Very little data on the status of the illegal removal of chicks from the wild exists (Morrison 2002). However, this could be improved by requiring owners of captive blue cranes to have their birds 'fingerprinted', for incorporation into studbook records (McCann et al. 2002), since these data could be called upon when the relationship between individuals needs to be determined to verify or refute claimed parentage of the bird in question. Microsatellite markers used for maintaining studbooks have been shown to be valuable for the conservation of the endangered whooping crane (G. americana) (lones et al. 2002). The motivation for incorporating DNA data into the studbook was not trade-related, but to provide a tool for maintaining genetic diversity within captive populations.
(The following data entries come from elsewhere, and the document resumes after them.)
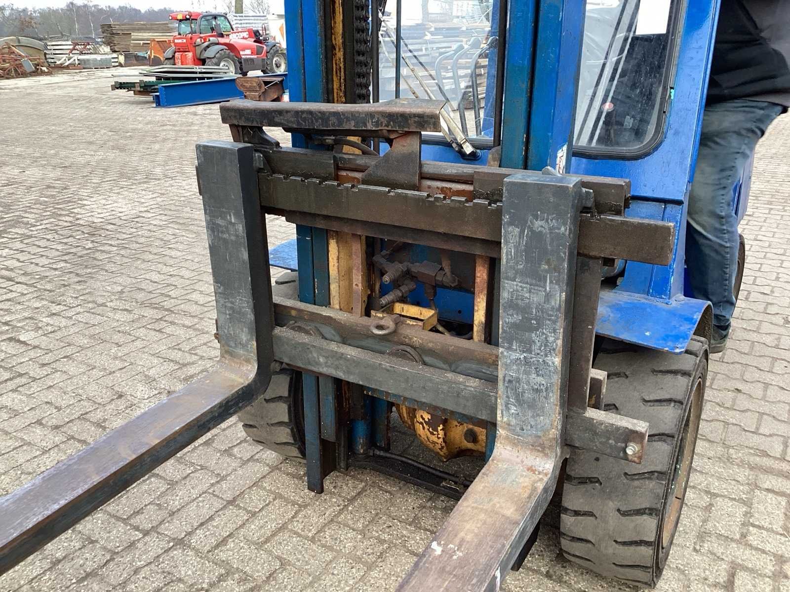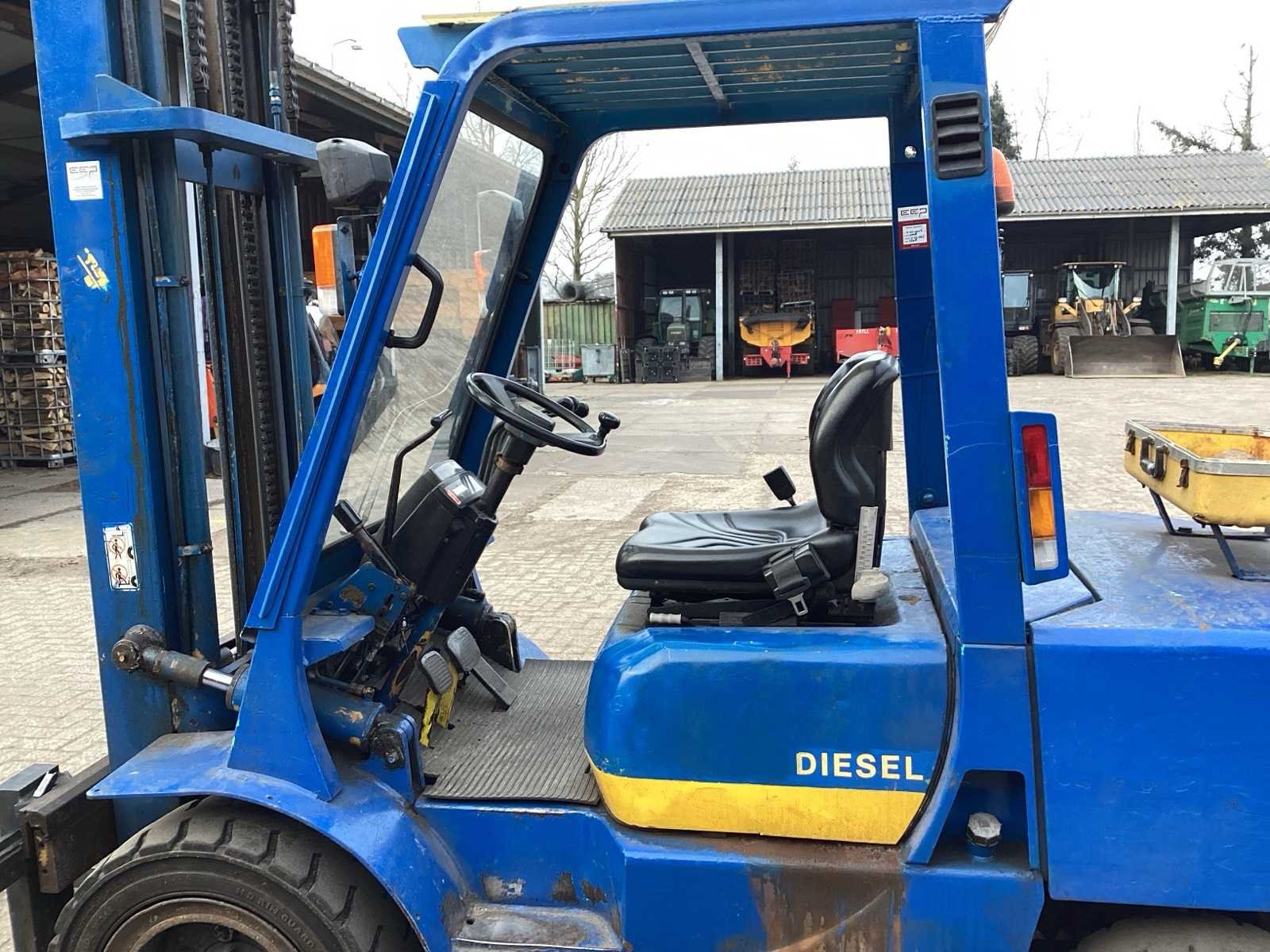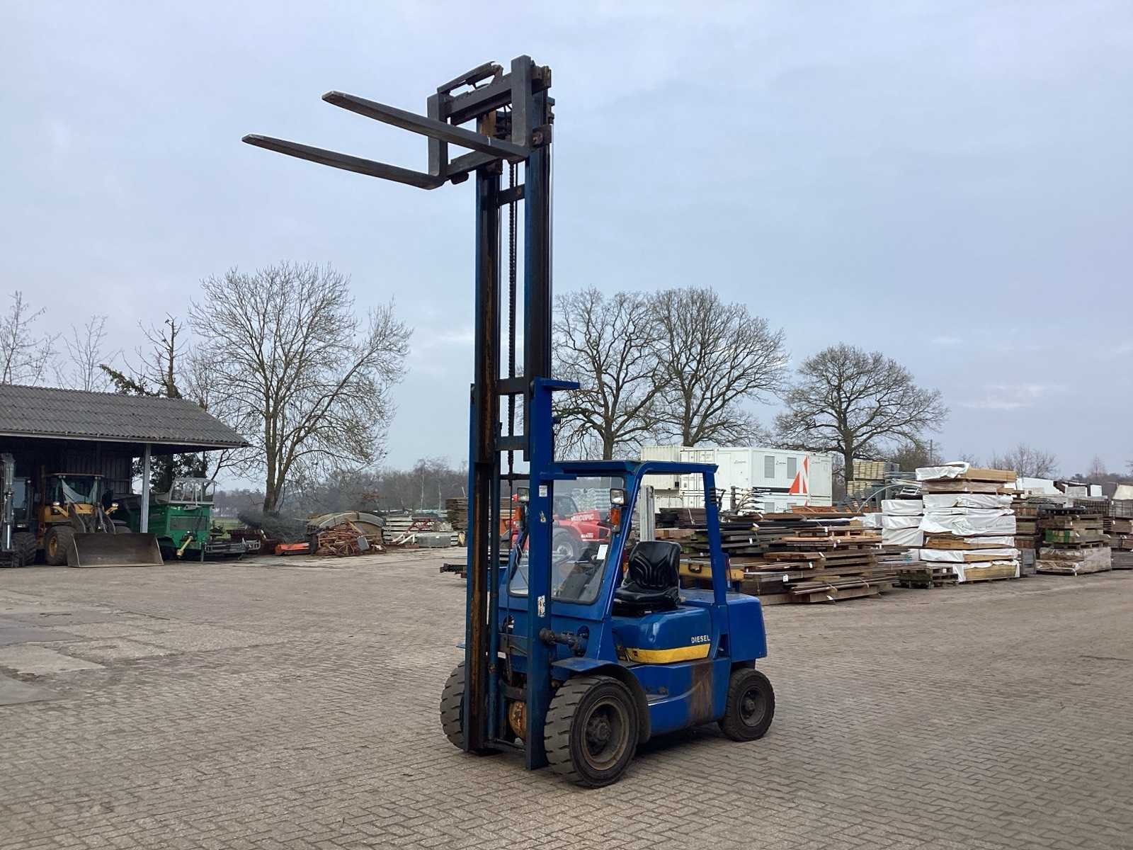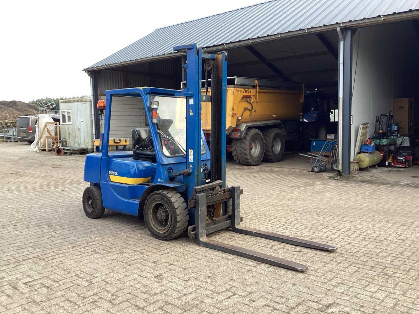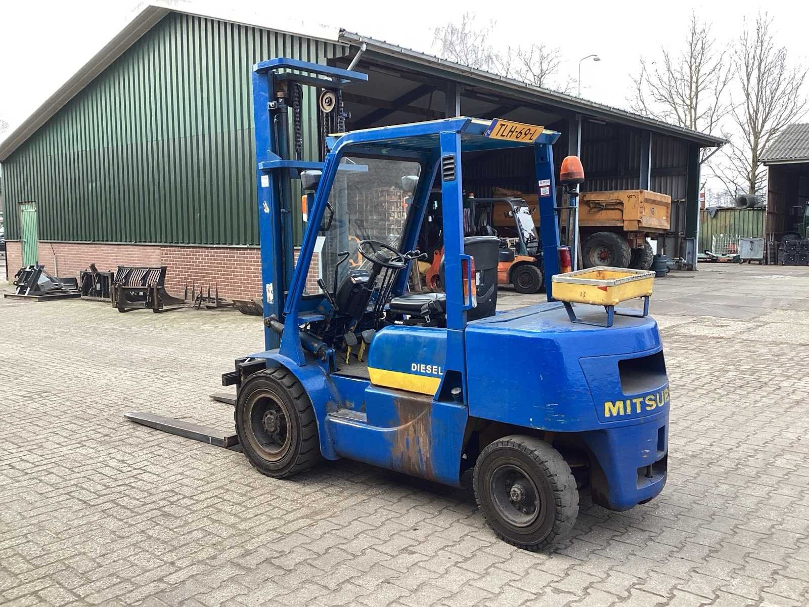 Voorzien van. Heftruck is gekeurd; Werkverlichting; zwaailicht; radiator heeft een kleine lekkage; Merk: Mitsubishi Type: FD30 Brandstof: diesel Kenteken: TLH-69-L Afgelezen urenstand: 2814 Hydraulisch verstelbare lepels: true Duplex mast: true Eigen gewicht: 4860kg Hefvermogen: 3000kg Max. hefhoogte: 4000mm Minimale doorrijhoogte: 2600mm Totale afmeting L: 4100mm Totale afmeting Breedte: 1300mm Totale afmeting Hoogte: 2600mm Diesel: true
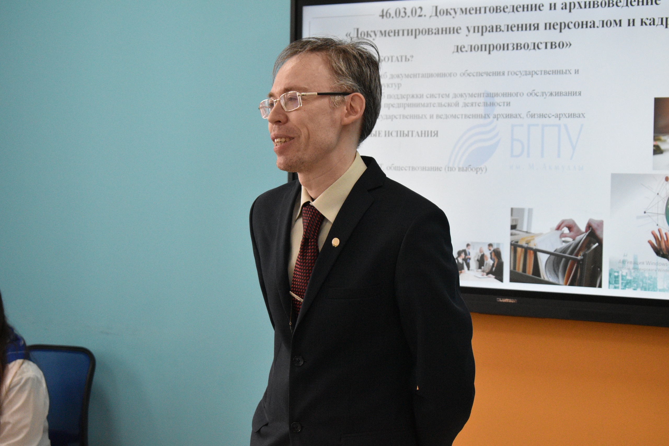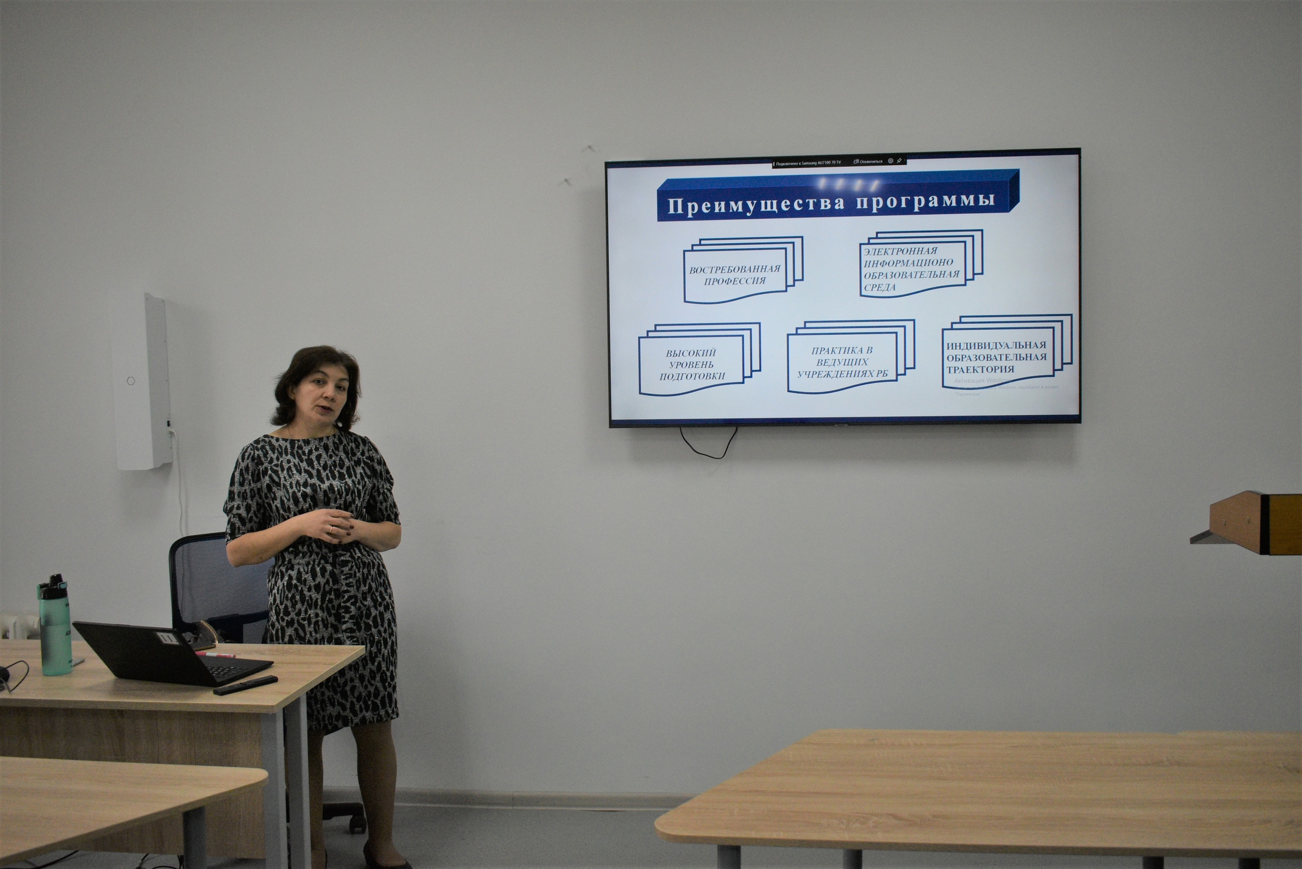 С приветственным словом выступила директор института исторического, правового и социально-гуманитарного образования Оксана Алексеевна Шамигулова. Она объяснила гостям важность выбора спектра профессий из сферы «Человек-Человек». Главная задача таких профессий – уметь взаимодействовать с людьми. Любая профессия, которая сюда относится, предполагает двойную подготовку: во-первых, быть квалифицированным специалистом в области производства/техники/науки/искусства, а во-вторых, устанавливать и поддерживать контакты с совершенно разными людьми, разбираться в них и особенностях их характера, поведения.
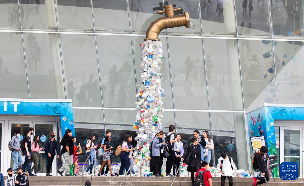 6月7日,人们从加拿大多伦多里普利水族馆外的环保艺术装置前走过。该装置展示“流淌”塑料制品的水笼头,呼吁人们重视塑料污染问题。新华社发(邹峥摄)
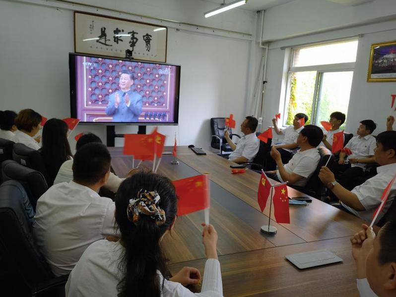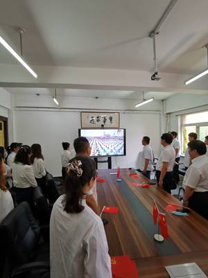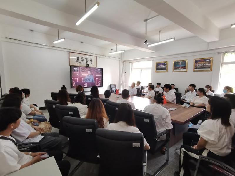 7月1日上午8时,庆祝中国共产党成立100周年大会在北京天安门广场隆重举行。中共中央总书记、国家主席、中央军委主席习近平发表重要讲话。音乐公司党总支组织师生党员在201会议室集中收看大会直播实况。
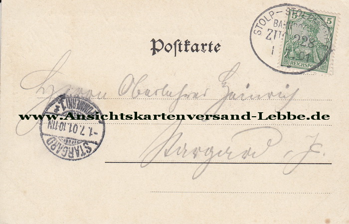 * Gelaufen 1901 nach Stargard i. P., Herrn Oberlehrer Heinrich *
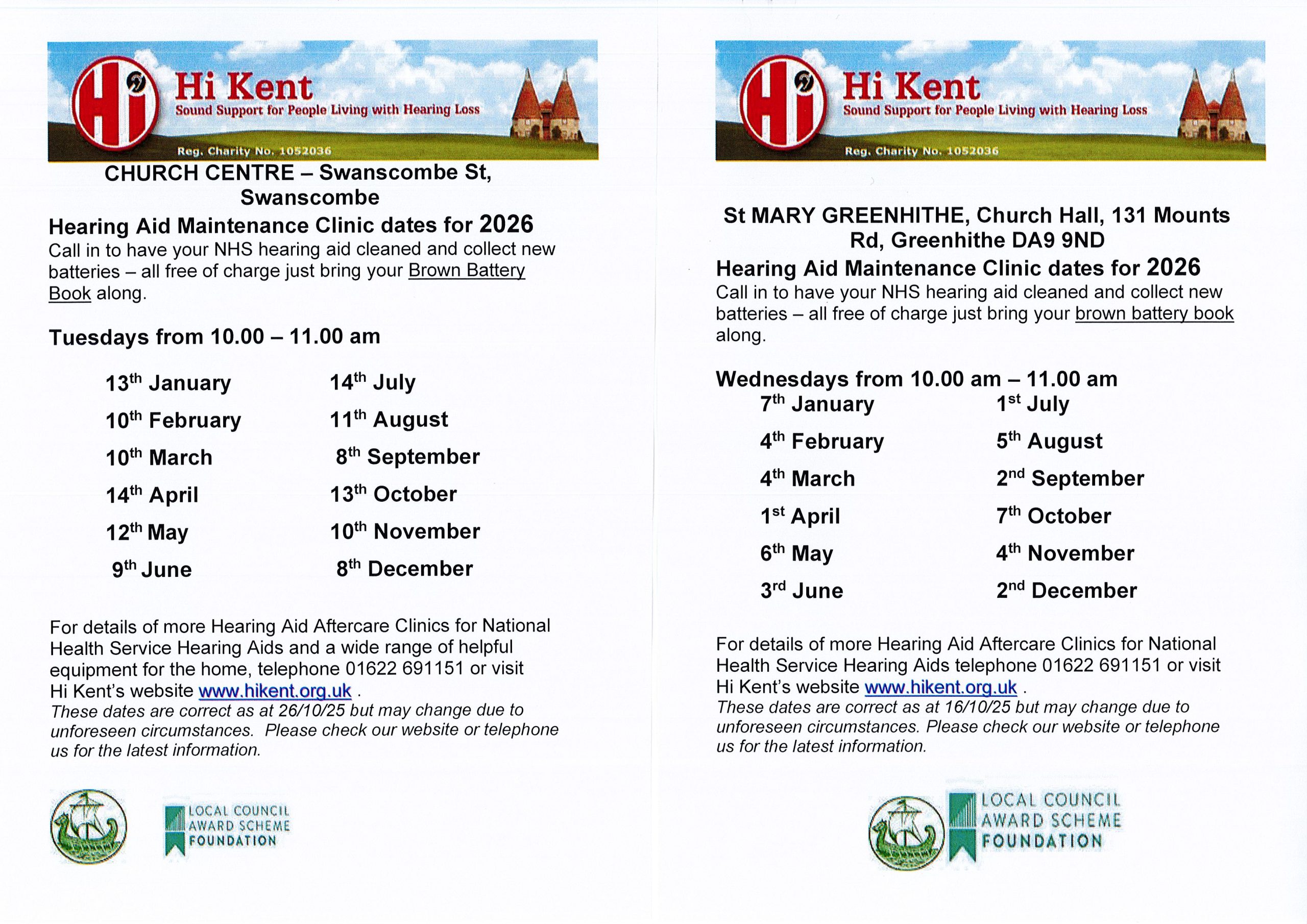 Details of the Community Hearing Aid clinics in both Greenhithe and in Swanscombe can be found here:

Comprehensive pedigrees were constructed for captive populations of whooping cranes using genotypic data obtained from 11 microsatellite markers originally developed in this species (lones et al. 2002). The maintenance of genetic diversity in captive populations is difficult due to potential for inbreeding and genetic drift. An understanding of the relationship between individuals can allow for selective mating of genetically different individuals to produce

offspring with levels of heterozygosity greater than those of the founder population. This will boost the populations gene diversity (Jones et al. 2002). Increased gene diversity is especially advantageous as it allows for the selection of genes to assist adaptation to novel environmental conditions (such as the presence of new diseases) in future generations (Frankhamet al. 2002).Ultimately,it can assist in reducing the captive population's risk of extinction. Blue crane captive populations could benefit in a similar manner by including genetic data into studbooks to assess the most advantageous breeding strategies.